INFORMATION SUPPLIED —
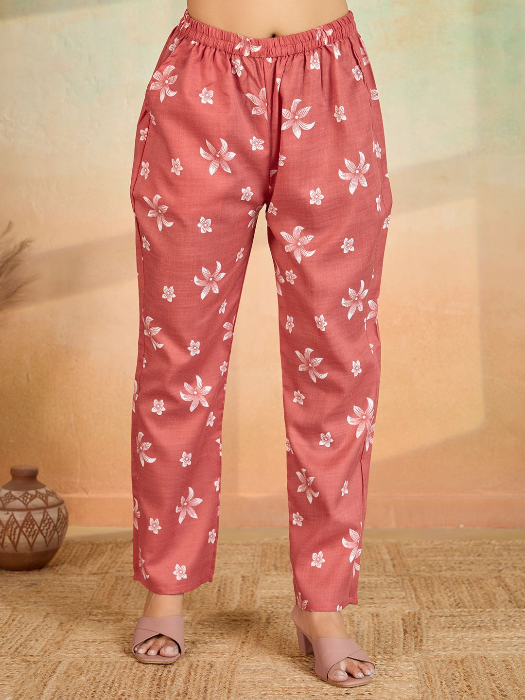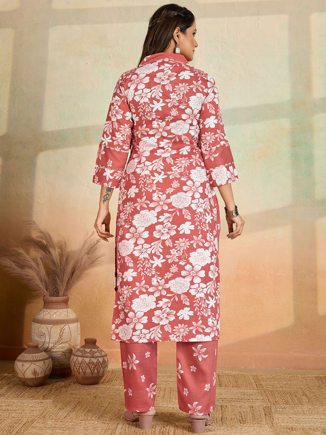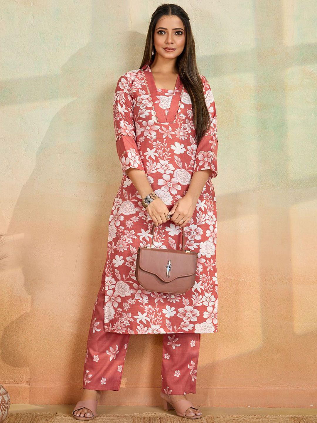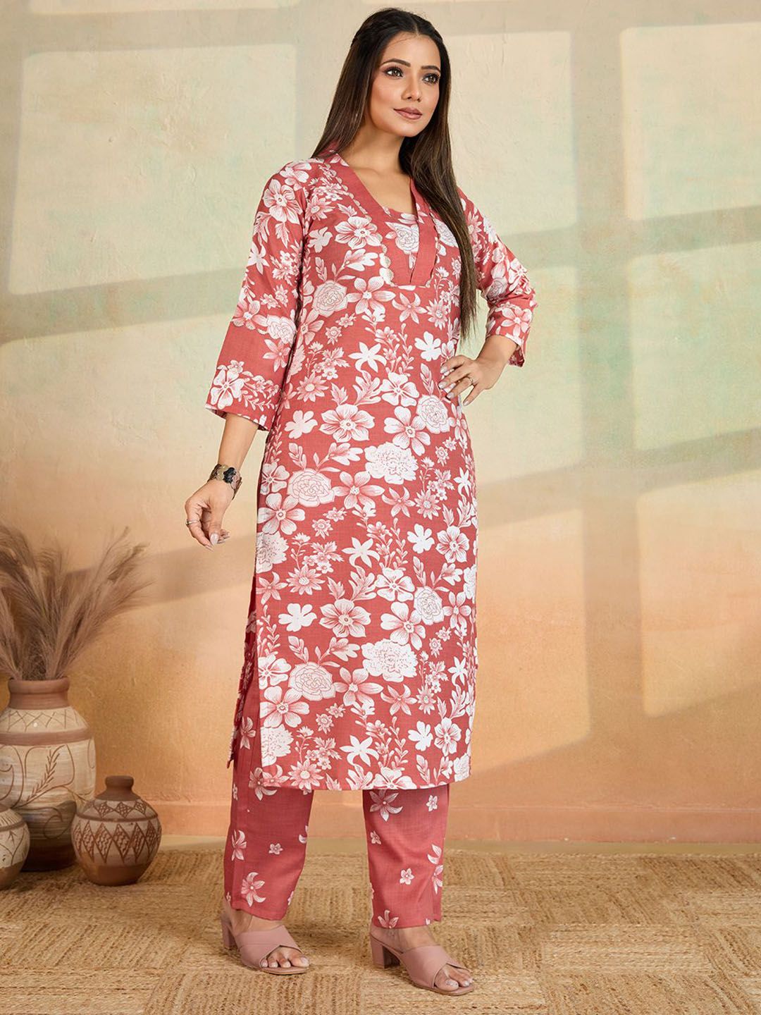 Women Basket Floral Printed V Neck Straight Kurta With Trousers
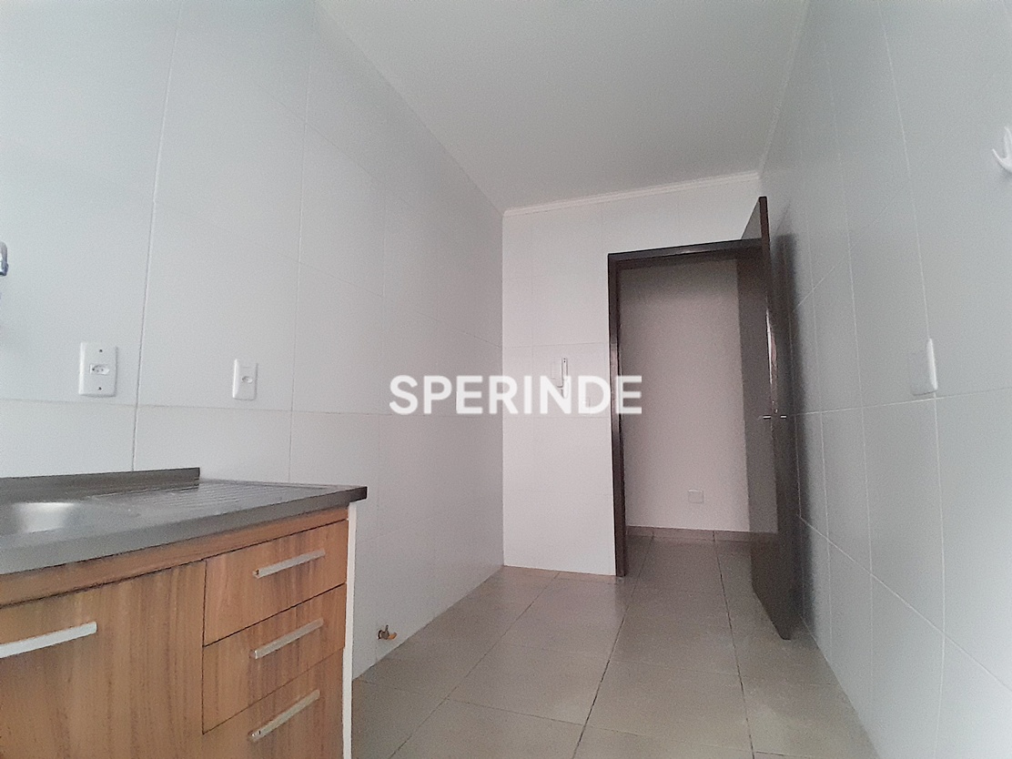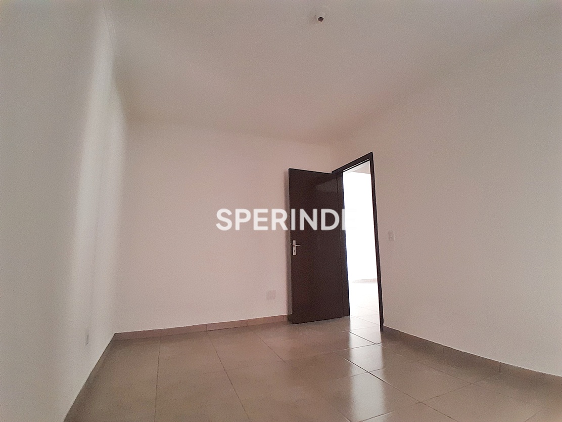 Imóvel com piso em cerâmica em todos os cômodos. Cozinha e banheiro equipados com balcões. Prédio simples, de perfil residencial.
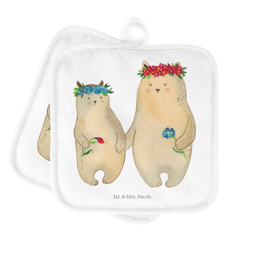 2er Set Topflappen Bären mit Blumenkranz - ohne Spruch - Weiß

ASSIGNMENT — Leave out all pictures, then copy the remaining material exactly.

SOLUTION TO THIS EXERCISE —
 Women Basket Floral Printed V Neck Straight Kurta With Trousers
 Imóvel com piso em cerâmica em todos os cômodos. Cozinha e banheiro equipados com balcões. Prédio simples, de perfil residencial.
 2er Set Topflappen Bären mit Blumenkranz - ohne Spruch - Weiß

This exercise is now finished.